Wednesday, August 29, 2012

Mechanical Man

Frank and friend case the joint.

««««  Robot and Frank. Written Christoper D. Ford. Directed by Jake Schreier.

It's the best of times and the worst of times for movie science fiction, but mostly just the latter. Though supreme at the box office, most onscreen science fiction has become the equivalent of the historical epics of the '50s and early '60's: empty spectacle, concocted by deeply unimaginative people to put fannies in the seats. Jules Verne and H.G. Wells didn't pioneer the genre to give the world the likes of Transformers: Revenge of the Fallen--or even brainless fun like The Avengers. In a way, it was better for sci-fi a couple of generations ago, when it was a despised, B-list genre. Exceeding expectations, and challenging our complacence, was easier then.
            So we're thankful for Jake Schreier's Robot and Frank, a small drama about some very big ideas. Frank Langella plays Frank, a septuagenarian ex-con living (or more precisely, "enduring") old age in our immediate future. Weary of the ten-hour round trip to visit him, his son (James Marsden) buys him a robot companion (voiced by Peter Sarsgaard) with the programmed goal to improve Frank's quality of life. "Let's start a garden," suggests the Robot with maddening, anodyne mildness. "Go screw yourself," grumbles Frank, who wants nothing more but to return to his former profession: breaking into people's houses.
            It's no spoiler to disclose that Frank gets his wish, although in a way he never would have anticipated. For unlike many of the much bigger movies that work this corner of the genre--AI and I, Robot come to mind--Christoper D. Ford's script for Robot and Frank recognizes that what's revolutionary about some technologies is not the technology itself, but what it brings forth in us. Where a less imaginative movie would have dwelled on the robot's "humanity", this one is more concerned with the possibility of human beings behaving humanely.
            Frank Langella is pitch-perfect. He's adrift in his world, both because it has left him behind and because aging is increasingly making him a stranger to himself. Langella shows flashes of Eastwood-esque crabbiness here, but seems to recognize that would be too obvious a choice. Instead, his character comes alive when he shows a child-like delight in his misbehavior, aided and abetted by his surprising accomplice.
            There's a Jobsian sleekness to the Robot, stylishly devoid of toggles and gyros and the other dagmars of classic robotdom. Sarsgaard voices it/him some of the same all-too-programmed compassion of HAL in 2001, as if some attitude switch is permanently set to "patronizing". When Ford has him declare to Frank "In the same way you know you are alive, I know I'm not," one can just about hear Descartes rolling in his tomb ("I think I am not, therefore I am not--?"). In this and many other ways, Robot and Frank is a genuine sleeper: the kind of movie that comes out of nowhere to remind you why you're sitting there in the dark. Not to be missed. 
© 2012 Nicholas Nicastro

Wednesday, August 22, 2012


Galifianakis and Ferrell, on the hustings.

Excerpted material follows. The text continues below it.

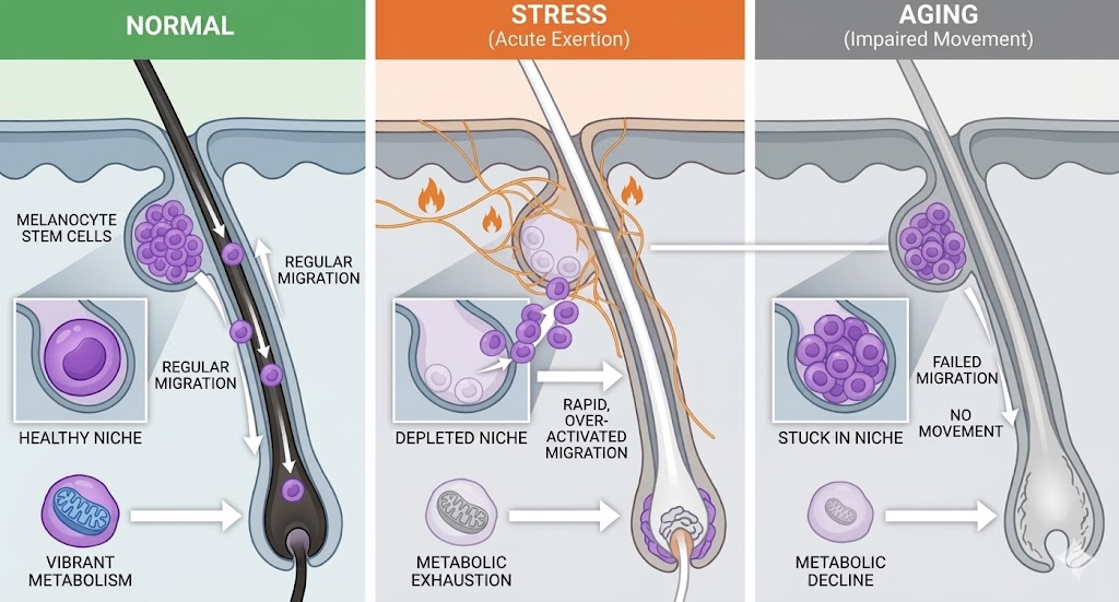 핵심은, 이 줄기세포 풀(pool)이 고갈되거나 기능을 잃으면 색소를 만들 세포가 보충되지 않아 흰 머리카락이 나온다는 것입니다.

«« The Campaign. Written by Chris Henchy & Shawn Harwell. Directed by Jay Roach. 
Marx said that figures plays their roles in history first as tragedy, then as farce. Now that we are in our umpteenth national campaign season, the American Politician has apparently gone way beyond farce, deep into poop and pee joke territory. Or at least that's how it seems in Jay Roach's comedy of political ineptness, The Campaign.
            Now you might go into this movie with the tradition of Hollywood movies about politics in mind--films like The Candidate, Primary Colors, Bob Roberts, Bulworth, among others. That, of course, would be a mistake, because director Roach is the one who gave us Meet the Parents, Austin Powers, Dinner for Schmucks and other comedies of social embarrassment--as well as Game Change, an HBO movie that was about Sarah Palin and therefore, by the very nature of its subject, embarrassing.
            And so Roach earns his paycheck in his usual way, offering up episodes of grotesque humiliation on the part of two candidates for Congress in the great state of North Carolina. The Democratic incumbent, Cam Brady (Will Ferrell) is an egomaniac with the intellectual heft of George W. Bush and the libido of Bill Clinton. He's used to running unopposed in his deeply blue district, but after he drunkenly misdials a fundamentalist Christian family instead of his mistress ("I want to get freaky with our tongues..."), a pair of scheming CEOs called the "Motch" brothers sense an opportunity. They bankroll the swishy but sweet Marty Huggins (Zach Galifianakis) to run on the Republican ticket. The mud-fight that follows includes Cam giving a baby a slug across the jaw, a public cuckholding for Marty, and some old-school backwoods hunting, Dick Cheney-style.
            Now it's undeniable that, for satirists, the modern American political landscape offers up a target-rich environment. When making comedy about this subject, the problem isn't finding material but staying ahead of it, keeping the satire one step beyond the absurd reality. Unfortunately, Roach and screenwriters Chris Henchy and Shawn Harwell interpret this challenge as a license not for a more cutting, more sophisticated kind of absurdity, but to go juvenile, to give us the Dumb and Dumber of campaign movies.
            There are some laughs here, to be sure--especially to folks like yours truly, in close touch with his inner child. Ferrell has a lock on this kind of role, combining a big physical presence with breathtaking idiocy in a way that is unique to him. Galifianakis, who has the talent to take on "straight" roles a la Robin Williams, is a good foil as he plays a personality much smaller and milder than his girth. And Henchy and Harwell are right to take particular aim at the consequences of the Supreme Court's disastrous Citizens United decision, which legitimized the sale of our politics to corporate raiders like the "Motch" (Koch) brothers.
            But the likely effect of dopey material like The Campaign isn't a more savvy, active citizenry. Instead, it will promote the kind of complacent resignation that shrugs its shoulders and says "They're all crooked jackasses, so why bother?" At the end of the film the chastened Cam and Marty atone for their antics by daring to be honest about themselves to the public. "I once farted in an elevator and blamed an innocent woman," says Marty; "I never read the bills I vote on," grants Cam, admitting that he prefers to sit in his office and play Words with Friends. The film's call for personal honesty in politics sounds good, but misses the larger point: we don't necessarily need politicians to tell us the truth about themselves. We need them to tell the truth about the state of our country.
            Imagine someone in power actually said we can't have a robust social safety net, a military bigger than the next 25 countries, decent infrastructure, first-rate education and science, a climate we can live with, and low taxes, all at the same time. Imagine him or her saying we need to chose five from that list, and maybe as few as three. Imagine that, and it's hard to hear anybody laughing. But it would more helpful than any movie.   

© 2012 Nicholas Nicastro 

Wednesday, August 1, 2012

Why So Serious?

Bane and the Bat struggle to avoid tears.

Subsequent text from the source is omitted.